On 23/03/2024 18:00, Alexander E. Patrakov wrote:
Hi Dulux-Oz,
CephFS is not designed to deal with mobile clients such as laptops
that can lose connectivity at any time. And I am not talking about the
inconveniences on the laptop itself, but about problems that your
laptop would cause to other clients. The problems stem from the fact
that MDSes give out "caps" to clients, which are, essentially,
licenses to do local caching. If another client wants to access the
same file, the MDS would need to contact the laptop and tell it to
release the caps - which is no longer possible. Result: a health
warning and delays/hangs on other clients.
The proper solution here is to use NFSv3 (ideally with a userspace
client instead of a kernel mount). NFSv3, because v4 has leases which
bring the problem back.
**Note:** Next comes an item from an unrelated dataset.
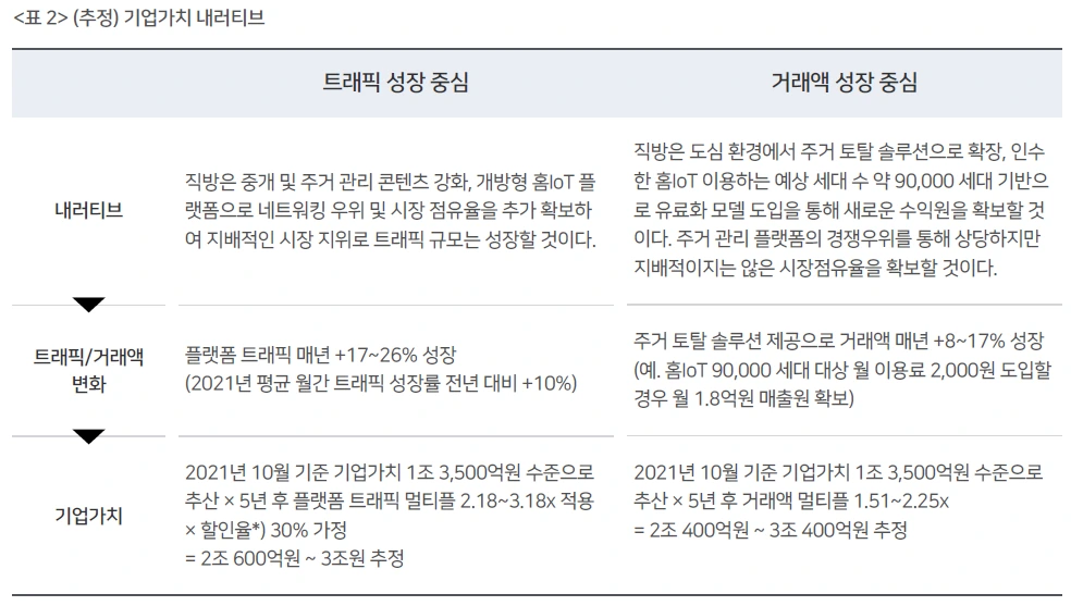 현재 직방의 자회사 및 투자처는 큐픽스, 로프트피엠씨, 호갱노노, 슈가힐, 셰어하우스, 브리즈인베스트먼트, 모빌 등이 있다. 올해 상반기 안에 삼성SDS 사물인터넷(IoT) 부문 인수를 완료할 계획이다. 홈IoT 기술력을 활용해 스마트홈 시장의 혁신을 일으키겠다는 청사진을 그리고 있다. 삼성SDS의 홈IoT는 스마트홈 시장 국내 1위로 해외 16개국으로 수출하는 글로벌 사업이다. 해외에서도 성과를 올리고 있는 만큼 이를 활용해 해외 홈IoT 시장에 진출하는 방안도 모색할 수 있다. 현재까지 디바이스 중심이었으나 직방의 주거관리 콘텐츠와 결합해 플랫폼 중심의 스마트홈 라이프로 시장을 혁신할 수 있을지는 기대해 볼만 하다. 향후 주거 중개부터 관리까지의 슈퍼앱으로 트래픽 또는 거래액 중심으로 성장할 경우, 트래픽은 매년 최소 +17% 이상, 또는 거래액이 매년 최소 8% 이상 성장을 이루어 내야 5년 후 2조원 이상의 기업가치를 증명할 수 있다. 한편 직방은 장기 목표로 기업공개(IPO)도 계획하고 있다. IPO 전 영업이익 턴어라운드라는 중요한 과제로 남아있다.

And this means that you cannot use cephadm to
deploy this NFS server, as cephadm-deployed NFS-Ganesha is hard-coded
to speak only NFSv4.
SAMBA server with oplocks disabled, and, again, a userspace client
could be another solution.
If you decide to disregard this advice, here are some tips.
With systemd, configuring autofs is as easy as adding
"x-systemd.automount,x-systemd.idle-timeout=1min,noauto,nofail,_netdev"
to your /etc/fstab line. This applies both to CephFS and NFS.
For kernel-based NFSv3 mounts, consider adding "nolock".
Another CephFS-specific mount option that somewhat helps with
reconnects is "recover_session=clean".
--
Alexander E. Patrakov
Hi Alex, and thanks for getting back to me so quickly (I really
appreciate it),
So from what you said it looks like we've got the wrong solution.
Instead, (if I'm understanding things correctly) we may be better off
setting up a dedicated Samba server with the CephFS mounts, and then
using Samba to share those out - is that right?